Algunos tips para llevar a cabo una consultoría externa exitosa

A continuación, algunos tips y consejos que debemos tener en cuenta para que el trabajo de la consultoría externa sea llevada a cabo con éxito y sea de utilidad para la empresa.

  1. En primer lugar, reflexione sobre los motivos que indican la necesidad de contratar una consultoría. A su vez, tenga claridad de sus objetivos con la consultora pues así deberá exponer con transparencia la intimidad de su empresa ante el consultor y juntos direccionar los trabajos.
  2. Es importante saber cuál es la dirección del proyecto, la idea principal y también, en caso de gestionar algún tipo de actividad, tener los presupuestos y la documentación a mano para no perder tiempo en los procesos de consultoría.
  3. Solamente decida la contratación si usted estuviera dispuesto a trabajar junto a los consultores en la planificación y toma de decisiones, así como también en movilizar toda la empresa y recursos necesarios en este proceso.
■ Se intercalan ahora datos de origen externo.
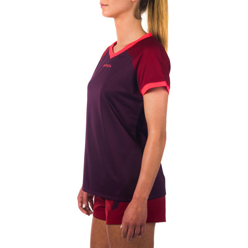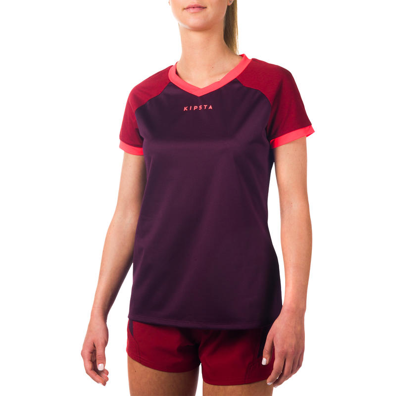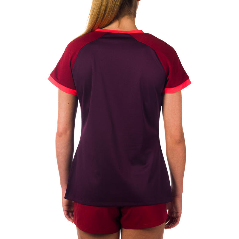 Camiseta De Rugby Fh 500 Mujer Ciruela Burdeo

Si no está dispuesto a realizar las tareas en conjunto, aceptar las soluciones, aplicaciones diversas, modificaciones y demás, no es conveniente realizar este tipo de tarea.
  4. Reflexione a su vez si su empresa está realmente dispuesta a realizar algún tipo de actividad en conjunto, ya que no realizarla o no tener la innovación o los procesos necesarios para hacerlo, implican una modificación del trato con la empresa de consultoría que, en definitiva, interfiere en todo el proceso.
  5. Es relevante que no se le mienta al consultor. Esté dispuesto a abrirse a las propuestas realizadas, dé la documentación precisa y a su vez no mienta sobre diferentes informaciones que puedan perjudicar el proceso del proyecto a desarrollar.
  6. Si tiene algún tipo de deuda, algún tipo de dificultad y usted no la dice de antemano, seguramente será imposible poder resolver ese inconveniente, ya que al momento de realizar la propuesta final, nos encontraremos con una traba que no estaba clara desde el principio y por ende no facilitará el proceso de desarrollo.
  7. El hecho de mentir u ocultar la información suele llevar a un empeoramiento de la relación entre las partes, ya que se suele culpar al consultor del fracaso de la gestión, cuando realmente no hubo predisposición por parte de la empresa.

Conclusión

Recuerde que el consultor es un catalizador de cambios que propone ideas y las discute, a su vez, enriquece, argumenta y enseña a la empresa cliente para que camine con solvencia por sus propios medios.

El trabajo de un consultor tendrá resultados positivos, solamente si fuera el fruto de una acción conjunta armónica y sustentable, lo que debería evitar sorpresas en el momento de la o las propuestas finales.

Fuentes:

  • “La consultoría externa como una herramienta para el desarrollo organizacional en una PyME” Trabajo final, Antonella Gómez, Melina Gomez y Lara Maidana. Carrera de Licenciatura en administración y gestión empresarial. UNSAM.
  • Enciclopedia Práctica de la Pequeña y Mediana Empresa. Editorial Océano / Centrum.